Per tradition, the Brazilian leader speaks first and is followed by the U.S. president. That provides an opportunity to at least swap pleasantries backstage. Bolsonaro’s administration has been working to demonstrate to Joe Biden its heightened commitment to stemming Amazon deforestation, and he may herald recent preliminary results pointing in the right direction.

Although a Brazilian foreign minister has spoken at the General Assembly in lieu of the president dozens of times, that isn’t in Bolsonaro’s interest, given global scorn for his environmental track record, his authoritarian impulses and his alleged mismanagement of the pandemic, said Maurício Santoro, a professor of political science and international relations.

Bolsonaro’s international image is so bad that addressing the assembly “could be an opportunity for him to try to deliver a better message about himself to the world,” said Santoro, who teaches at the State University of Rio de Janeiro. “It’s important for him to go there.”

Bolsonaro spent months sowing doubt about vaccines, especially the one produced by Chinese firm Sinovac. He also warned that there would be no legal recourse against Pfizer for anyone suffering side effects. Women might grow beards and men’s voices turn high-pitched, he joked. People could even transform into alligators.

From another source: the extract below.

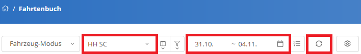 Wählen Sie Ihr Fahrzeug aus dem Dropdown-Menü aus und bestimmen Sie den Zeitraum, für den Sie Ihr Fahrtenbuch anzeigen lassen wollen. Sie können hierzu über das - Symbol den Kalender öffnen und den gewünschten Zeitraum markieren oder über das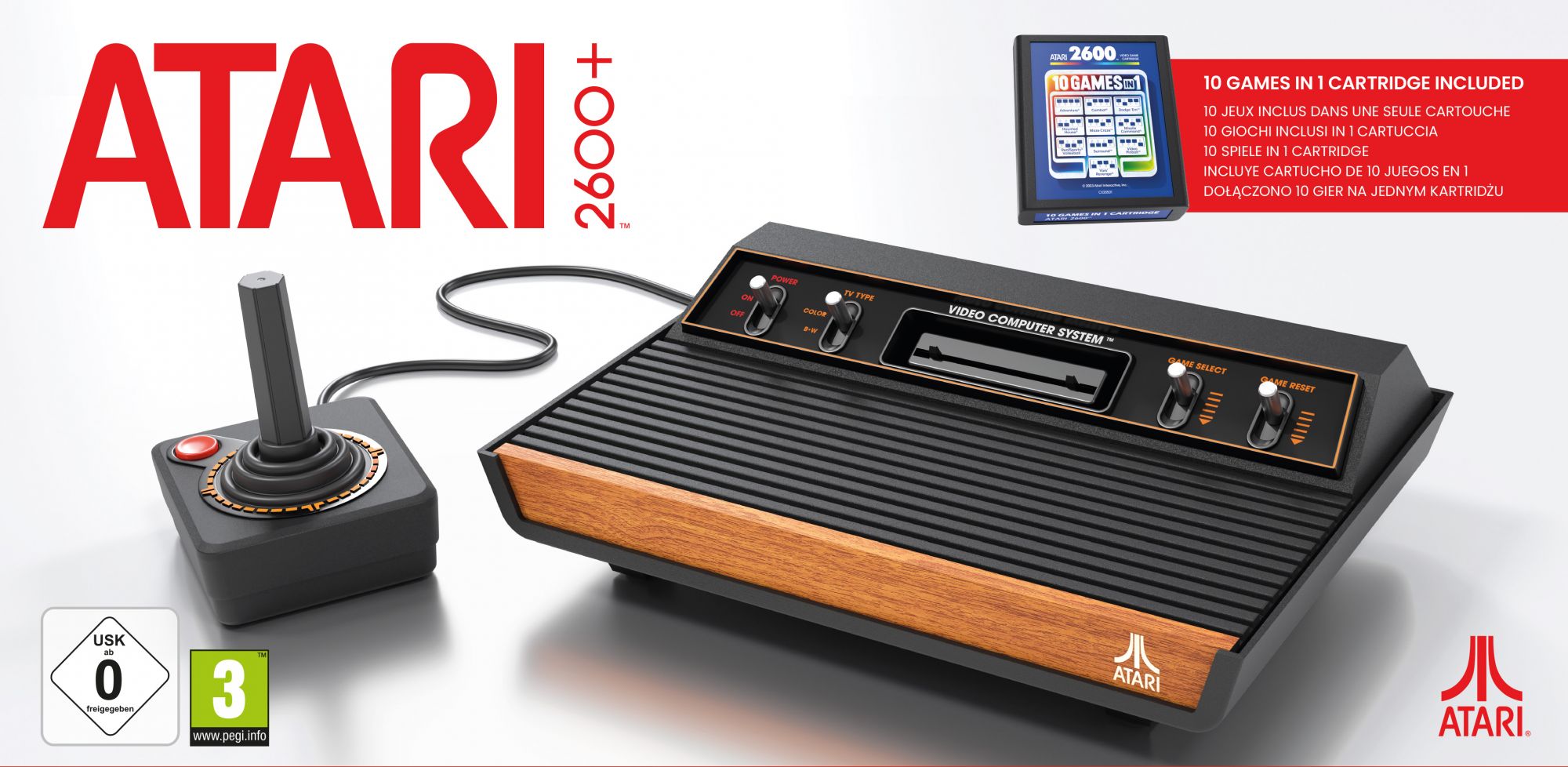 Atari 2600+ je zasnovan tako, da je videti in se obnaša kot Atari 2600 s štirimi stikali, ki je bil predstavljen leta 1980. Ta sodobna različica predvaja tudi igre Atari 7800, ima način širokega zaslona, se zlahka poveže s sodobnim televizorjem in vključuje igralno kaseto 10 v 1 s klasičnimi Atarijevimi naslovi. Priloženi krmilnik CX40+ Joystick Controller je poustvarjen v enaki velikosti in postavitvi kot originalni krmilnik 2600 Joystick Controller, zato lahko podoživite igralne izkušnje z začetka igranja video iger na domači konzoli.

The president’s skepticism initially resonated among his base and in some of Brazil’s less-educated communities, but ultimately it did little to dampen Brazilians’ desire for vaccines. Recent polls show about 9 of 10 people have either been vaccinated for plan to do so. Some have mocked Bolsonaro’s far-fetched claims by rolling up their sleeves while dressed in alligator costumes.

The government changed tack and began promoting vaccines, and the effort paid off. A greater share of Brazil’s population has now received first shots than in the U.S.

Many are doubtful that Bolsonaro is unvaccinated, including Santoro.

“Perhaps he received a vaccine, but doesn’t want to tell his supporters, because he spoke against vaccines for so many months,” Santoro said.

Publicly, anyway, Bolsonaro remains reticent -- even after he tested positive for COVID-19 last year.

“Why take the vaccine? To have antibodies, isn’t that right? My antibody levels are way up high,” he said Thursday night. “After everybody in Brazil is vaccinated, I’ll decide.”